Mashkoor and Jacquot discuss using the formal modeling and reasoning language Event-B for domain engineering, and provide an interesting (but rather simplistic) example of computer-controlled cars (CyCabs). They properly state that “a domain model is the right artifact to start with,” and observe that it is difficult for customers to read and understand formal specifications. They propose using animation to build a “mental bridge between complex formal specifications and their perception in the real world.” However, animation presents “typical behavioral scenarios of the specification,” that is, examples rather than a complete specification. Furthermore, a domain model presents invariants (about things and relationships), and only then all (rather than just typical) kinds of behavior. Thus, a narrative of the domain model, appropriately illustrated if needed, is essential. Bjørner, for example, emphasizes the importance and role of narratives [1].
The authors note that their research is closely related to Bjørner’s work on the formalization of as many domain facts as possible [1], and state that their objective was slightly different. They wanted “to check the capability of Event-B as a domain engineering tool and to point out and address (where possible) the issues with which [they were] confronted during this exercise.” The example domain appears to be closed rather than open. For example, it is unclear what happens if a vehicle in the system collides with a vehicle not in the system or with a pedestrian. This is possible because “CyCabs will move in the public space, possibly on dedicated lanes, and will have strong interactions with other road users.”

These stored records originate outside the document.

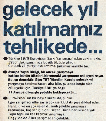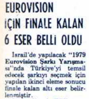 Nitekim o günlerde TRT koridorlarında dolaşan söylentiler de pek iç açıcı değildi. Cumhuriyet gazetesi 1 Ocak 1979 tarihli sayısında bu söylentileri “Eurovision’a Katılmayabiliriz” başlıklı haberinde şöyle aktarıyordu: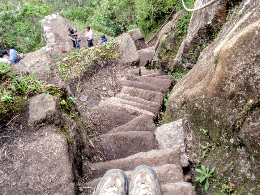 Couchés de bonne heure, pour se lever à 4 heures du matin !! Au programme de notre dernière journée, l’ascension des 1752 marches qui nous séparent du but ultime el famoso Machu Picchu !! L’ascension commence dans la nuit noire, les marches se suivent, longue procession de torches frontales, un rythme quelque peu lent et répétitif.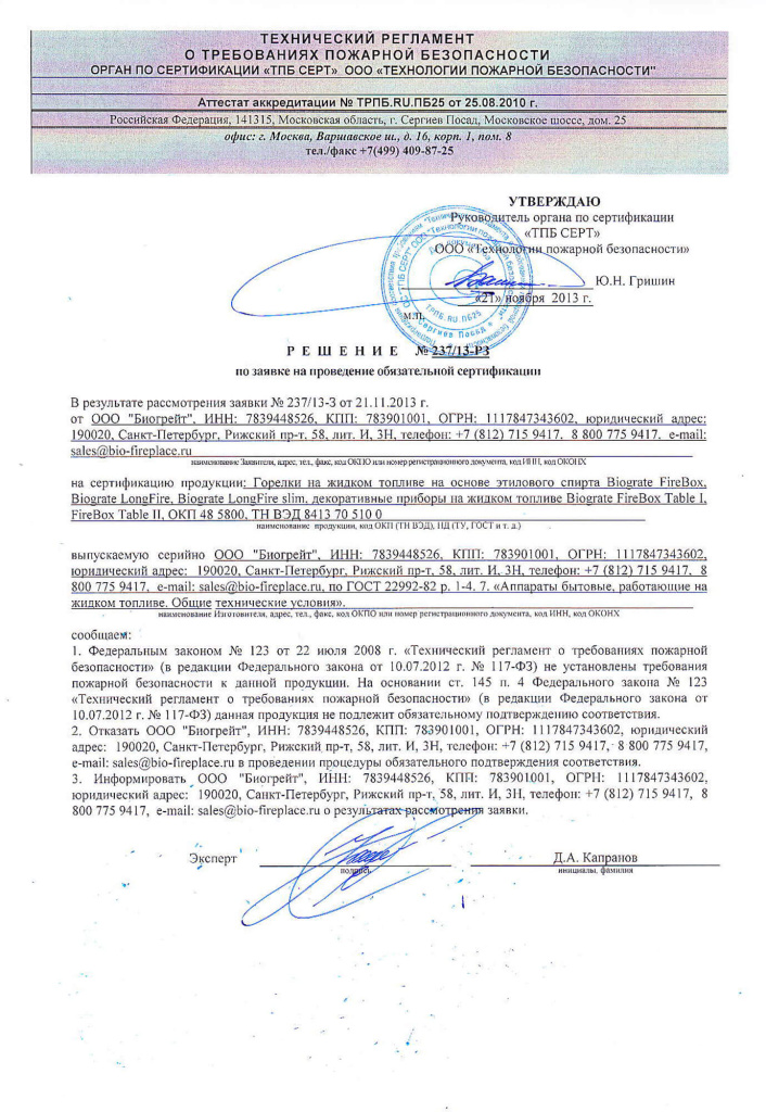 Инструкции, чертежи, документы - Угловой автоматический биокамин Biograte SmartFire L 1300 corner
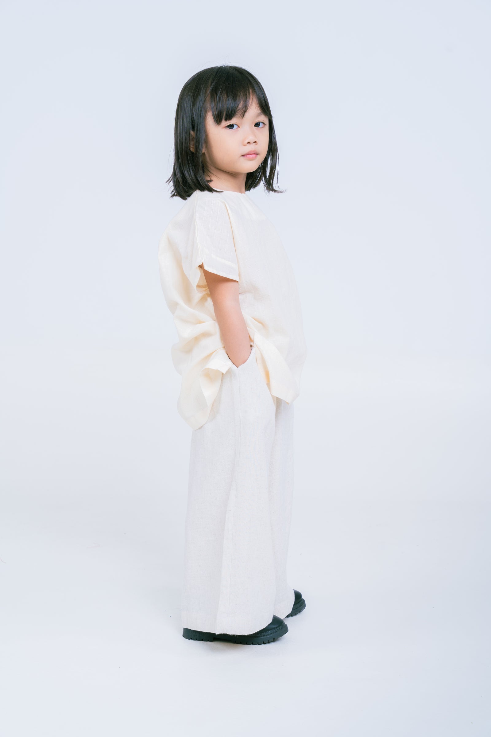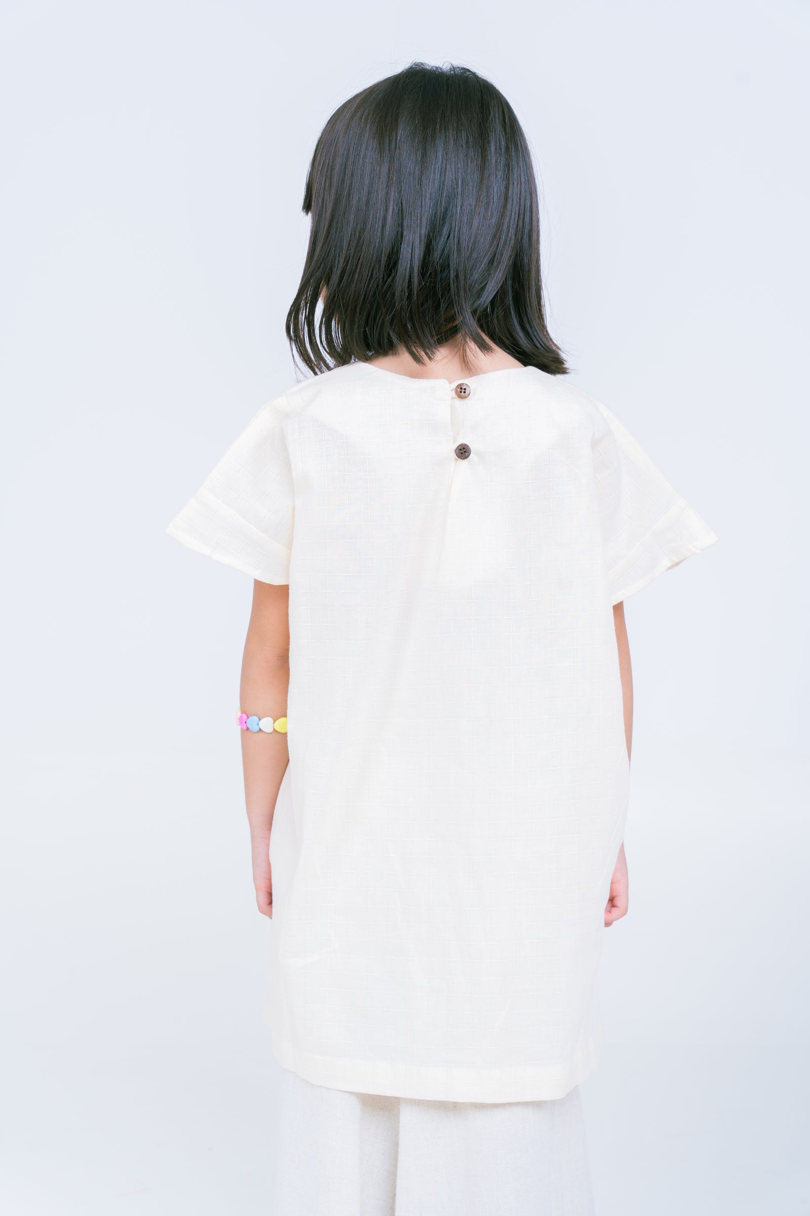With its relaxed fit, this top allows for unrestricted movement and playfulness. The loose fit is perfect for active kids who love to move around and enjoy their day. This versatile top can be paired with shorts, jeans, leggings, or skirts for various cute and casual looks. It's suitable for everyday wear, playdates, or even special occasions where comfort is key. Top with a round cut neckline, back button opening, slip-on type, drop shoulder style, cap sleeves, and relaxed fit is designed to keep kids comfortable and stylish. It's a great addition to their wardrobe, allowing them to express their individuality while staying comfortable throughout their activities.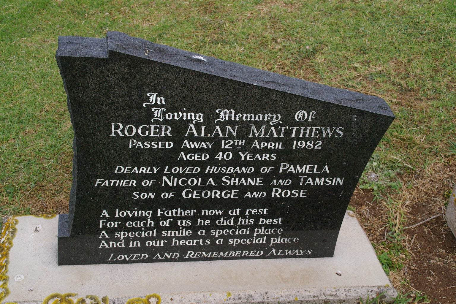 | HAWKINS | Neil Martin | photo | 10-08-1948 | 29-10-2007 | Ruth | father of Simone & Michael | ||

The most interesting part of the paper is in its “Lessons Learned” sections, where the authors note some serious problems with using Event-B, particularly problems due to the scattering of a behavioral law into the guards of several events (for example, “the assumption that a vehicle moves on a path only when it has some room to do so is scattered into four events”). This makes a specification rather difficult to read, and, in the same manner as for a program, reading is much more important than writing [2]. The authors deal at some length with Event-B technicalities, acknowledge the need to express facts at a high(er) abstraction level, and even present an example along the lines of Bertrand Meyer’s “Quantifiers Considered Harmful” [3]. They consider Event-B an “adequate language for domain engineering,” but observe that improvements--most importantly, better specification structuring mechanisms--would be very desirable. While noting that “animation alone is not sufficient to decide if a model is ‘good,’” they still overemphasize it. Animation may be very useful to explore new features, but it is not clear, for example, whether and how it may be made usable to understand domain invariants. Finally, the authors properly state that “tools based on a better understanding of the needs of the specifiers” would be a promising approach, but they do not mention that a language is also a tool, that is, a tool for thought.